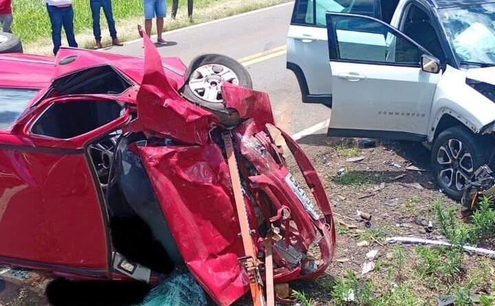 A colisão envolveu dois veículos, um Jeep Commander com placa de Belo Horizonte, Minas Gerais, e um Celta, com placa de Enéas Marques.
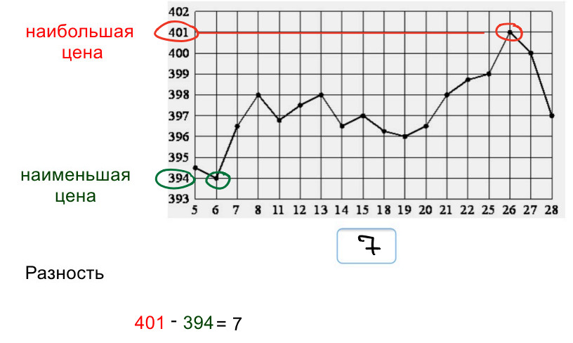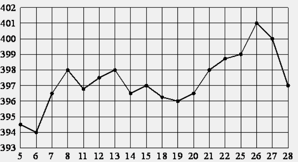 На рисунке жирными точками показана цена унции золота на момент закрытия биржевых торгов во все рабочие дни с \(\displaystyle 5\) по \(\displaystyle 28\) марта \(\displaystyle 1996\) года. По горизонтали указываются числа месяца, по вертикали цена унции золота в долларах США. Для наглядности жирные точки на рисунке соединены линией. Определите по рисунку разность между наибольшей и наименьшей ценой золота на момент закрытия торгов в указанный период (в долларах США за унцию).
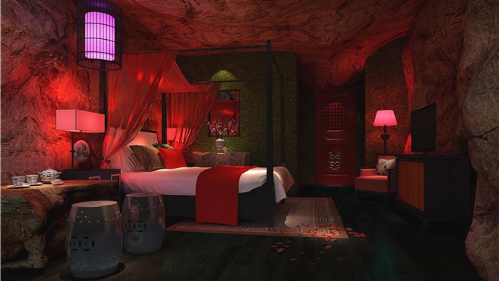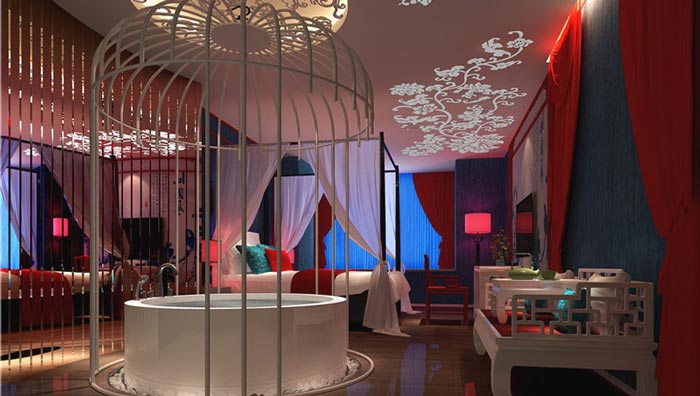 曠古奇緣客房的設(shè)計(jì):相信每一個(gè)人都有一個(gè)穿越的夢(mèng)想,都想穿越到過(guò)去用自己的本事,建造一份功業(yè)并遇到自己的紅顏知己,戀人們進(jìn)入空間之后,就仿佛與現(xiàn)世脫離,穿越到了五百年前,在這里設(shè)計(jì)師希望戀人們可以真切的體驗(yàn)一次古代的愛(ài)情,讓彼此之間的感情可以更上一層樓。
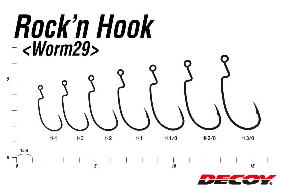 Die Marke Decoy ist im Angelsport ein Synonym für hervorragende Qualität und Innovation. Das Modell Worm 29 Rock'N gehört zur Kategorie der Spinn-Offset-Haken und ist ideal für das Wobbling, d.h. die schaukelnde Führung von Gummiködern und anderen Plastikködern, besonders in hängerträchtigem Gelände. Die Hakengröße 3/0 bietet ein perfektes Verhältnis für mittlere und größere Köder und optimiert das Eindringen und den Halt des Fisches.
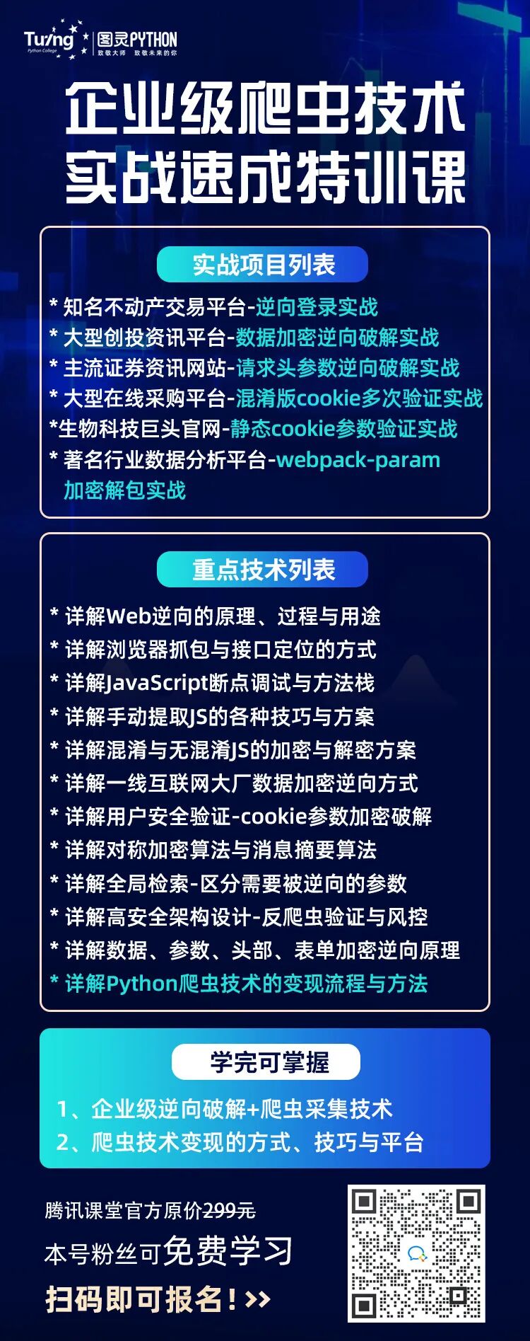 这是一套专讲爬虫逆向破解的高阶技术实战课,迄今为止已帮助近三万学员快速进阶。本次课程将由国际大数据竞赛获奖大佬亲身指导,带领大家进行高阶技术体系+逆向解析项目实战+技术变现路径指导的综合速成训练!

- What to do
Could you set down, exactly as written, every line from the start of the records above through the line containing "На рисунке жирными", leaving the pictures out?

- Exercise result
 A colisão envolveu dois veículos, um Jeep Commander com placa de Belo Horizonte, Minas Gerais, e um Celta, com placa de Enéas Marques.
 На рисунке жирными точками показана цена унции золота на момент закрытия биржевых торгов во все рабочие дни с \(\displaystyle 5\) по \(\displaystyle 28\) марта \(\displaystyle 1996\) года. По горизонтали указываются числа месяца, по вертикали цена унции золота в долларах США. Для наглядности жирные точки на рисунке соединены линией. Определите по рисунку разность между наибольшей и наименьшей ценой золота на момент закрытия торгов в указанный период (в долларах США за унцию).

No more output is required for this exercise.